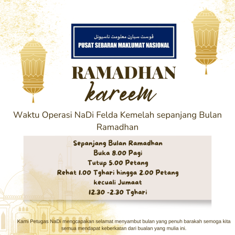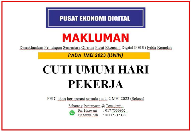 PENGUMUMAN Pusat Internet Felda Kemelah telah mula beroperasi mengikut SOP yang telah ditetapkan pada 28 Mei 2020 (Rabu) melalui sistem temujanji.Untuk maklumat lanjut sila rujuk Garis Panduan Pengguna Pusat Internet Semasa Tempoh Perintah Kawalan Pergerakan Bersyarat (PKPB) […]
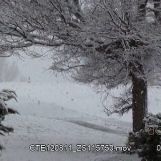 Blizzard snow with trees leaning.
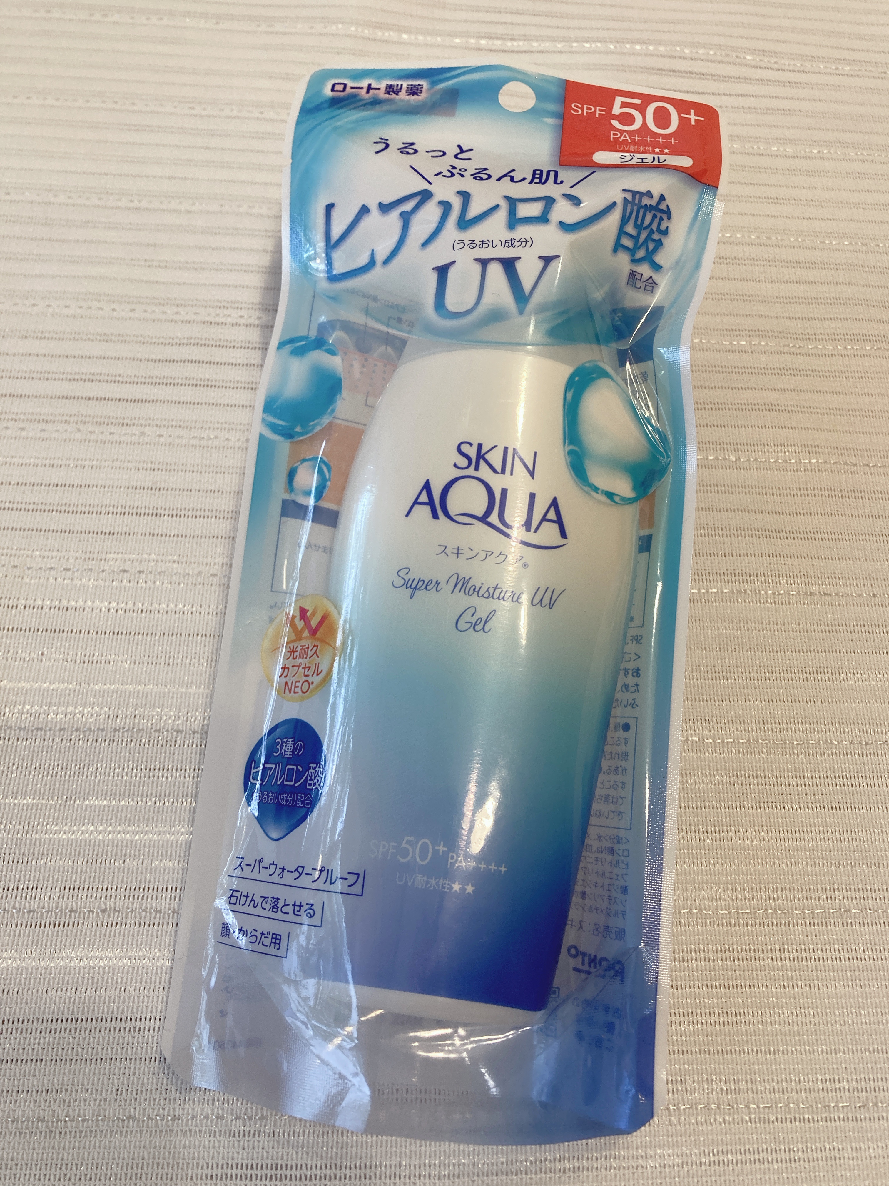- 塗るたび肌がうるおう日焼け止め。 厳選された3種のヒアルロン酸配合で乾燥から肌を保護します。 スーパーウォータープルーフ。 幅広い紫外線をブロックします。 全身にのばしやすいジェルタイプ。 SPF50+、PA++++、UV耐水性★★。 水のようなつけ心地。 4つのうるおい成分「スーパーヒアルロン酸、ヒアルロン酸Na、アミノ酸、コラーゲン」配合!やさしさへのこだわり。 「アレルギーテスト済み*1、無香料、無着色、鉱物油フリー」。 「スキンアクア スーパーモイスチャージェル」は、最高のUVカット効果*2をもつみずみずしいジェルタイプの日やけ止め。 光耐久技術採用!光によるUVカット機能の低下が起こりにくい独自成分配合。 石けんでするんと落とせます。顔・からだ用で、化粧下地にもオススメです。 たっぷり使えるボトルの110g、大容量ポンプの140gをご用意。 *1:すべての方にアレルギーが起こらないというわけではありません。 *2:スキンアクアシリーズ内。 紫外線防止成分:紫外線吸収剤
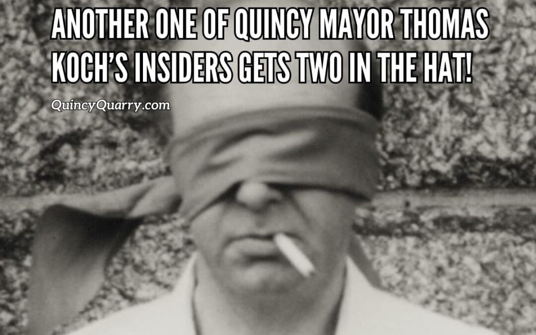 The gift that keeps on giving! Yet another one of Mayor Thomas Koch’s insiders gets “two in the hat.” It’s like watching a never-ending episode of “House of Cards,” but with less subtlety and more local flavor. One must admire the mayor’s dedication to surrounding himself with such trustworthy and upstanding individuals. It’s almost as if cronyism and backroom deals are prerequisites for his inner circle. Maybe instead of focusing on his pay raise, Mayor Koch should consider investing in some drama lessons for his team – at least then, their antics would be entertaining on purpose. Bravo, Quincy! You never fail to amaze.

══════════════════════════════

Copy out all the data above exactly, pictures excluded.

 PENGUMUMAN Pusat Internet Felda Kemelah telah mula beroperasi mengikut SOP yang telah ditetapkan pada 28 Mei 2020 (Rabu) melalui sistem temujanji.Untuk maklumat lanjut sila rujuk Garis Panduan Pengguna Pusat Internet Semasa Tempoh Perintah Kawalan Pergerakan Bersyarat (PKPB) […]
 Blizzard snow with trees leaning.
- 塗るたび肌がうるおう日焼け止め。 厳選された3種のヒアルロン酸配合で乾燥から肌を保護します。 スーパーウォータープルーフ。 幅広い紫外線をブロックします。 全身にのばしやすいジェルタイプ。 SPF50+、PA++++、UV耐水性★★。 水のようなつけ心地。 4つのうるおい成分「スーパーヒアルロン酸、ヒアルロン酸Na、アミノ酸、コラーゲン」配合!やさしさへのこだわり。 「アレルギーテスト済み*1、無香料、無着色、鉱物油フリー」。 「スキンアクア スーパーモイスチャージェル」は、最高のUVカット効果*2をもつみずみずしいジェルタイプの日やけ止め。 光耐久技術採用!光によるUVカット機能の低下が起こりにくい独自成分配合。 石けんでするんと落とせます。顔・からだ用で、化粧下地にもオススメです。 たっぷり使えるボトルの110g、大容量ポンプの140gをご用意。 *1:すべての方にアレルギーが起こらないというわけではありません。 *2:スキンアクアシリーズ内。 紫外線防止成分:紫外線吸収剤
 The gift that keeps on giving! Yet another one of Mayor Thomas Koch’s insiders gets “two in the hat.” It’s like watching a never-ending episode of “House of Cards,” but with less subtlety and more local flavor. One must admire the mayor’s dedication to surrounding himself with such trustworthy and upstanding individuals. It’s almost as if cronyism and backroom deals are prerequisites for his inner circle. Maybe instead of focusing on his pay raise, Mayor Koch should consider investing in some drama lessons for his team – at least then, their antics would be entertaining on purpose. Bravo, Quincy! You never fail to amaze.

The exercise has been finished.